In our example, as shown in Figure 8, we select 999 Permutations, which is typically sufficient for reliable inference. The most extreme pseudo p-value possible under this scenario is 0.001, which means that none of the permuted data sets yielded a statistic larger than the one observed in the actual data.

#### Reference distribution

The result of the permutation operation is a reference distribution for the statistic, depicted as a histogram, as in Figure 9. The green line shows the value of the statistic for the actual data, placed at 0.2823 in our example, well to the right of the reference distribution. This suggests a strong rejection of the null hypothesis.
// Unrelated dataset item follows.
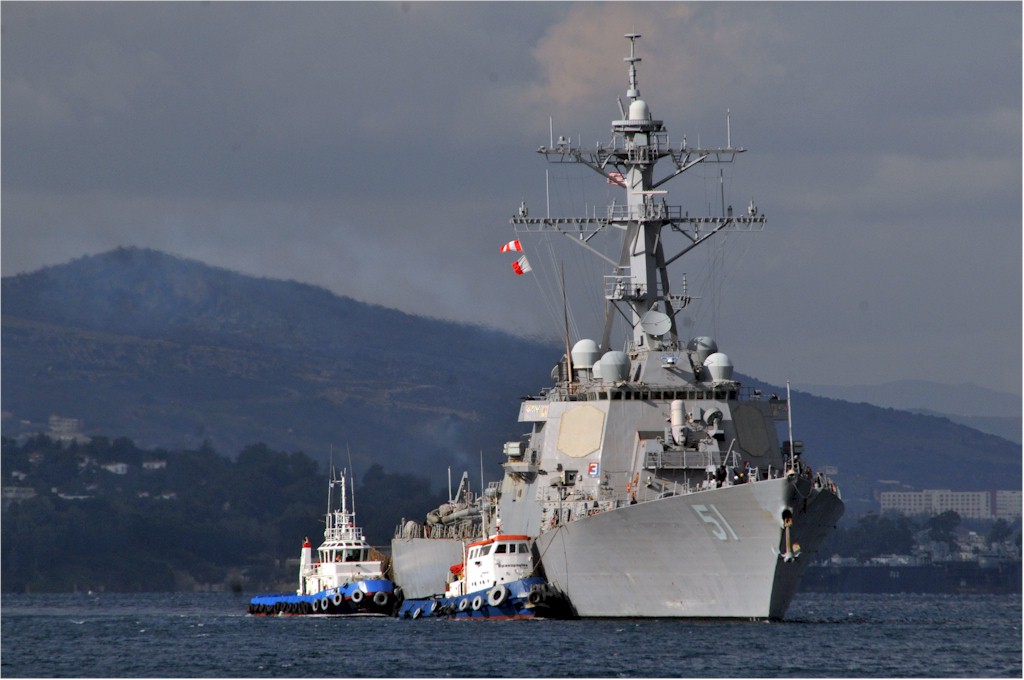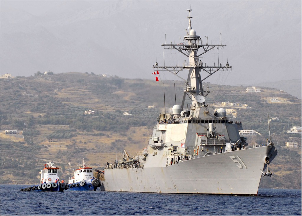 | 182k | 070727-N-0780F-002. Souda Bay, Crete, July 27 2007, the guided-missile destroyer USS Arleigh Burke (DDG 51) is met by Greek tugs as it arrives in Souda Harbor for a routine port call. U.S. Navy photo by Paul Farley. | Robert M. Cieri | |

The graph contains several summary statistics. In the top left are shown the number of permutations used to construct the reference distribution (999) and the associated pseudo p-value. As mentioned, the latter is the ratio of the number of values for the statistic that are equal to or greater than the observed value (in our example, just 1 for the observed statistic itself) to the number of generated samples (999) + 1 (for the actual sample). Hence, the result is 1/(999+1) = 0.001.

As pointed out earlier, this is also the smallest (most extreme) p-value that can be obtained. It is important to keep this in mind when comparing results where a different number of permutations is used. For example, a pseudo p-value of 0.001 for 999 permutations is not necessarily more significant than a pseudo p-value of 0.01 for 99 permutations. In both cases, not a single statistic computed from the randomly generated samples exceeded the actual statistic. This contrasts with the usual interpretation of an analytically derived p-value.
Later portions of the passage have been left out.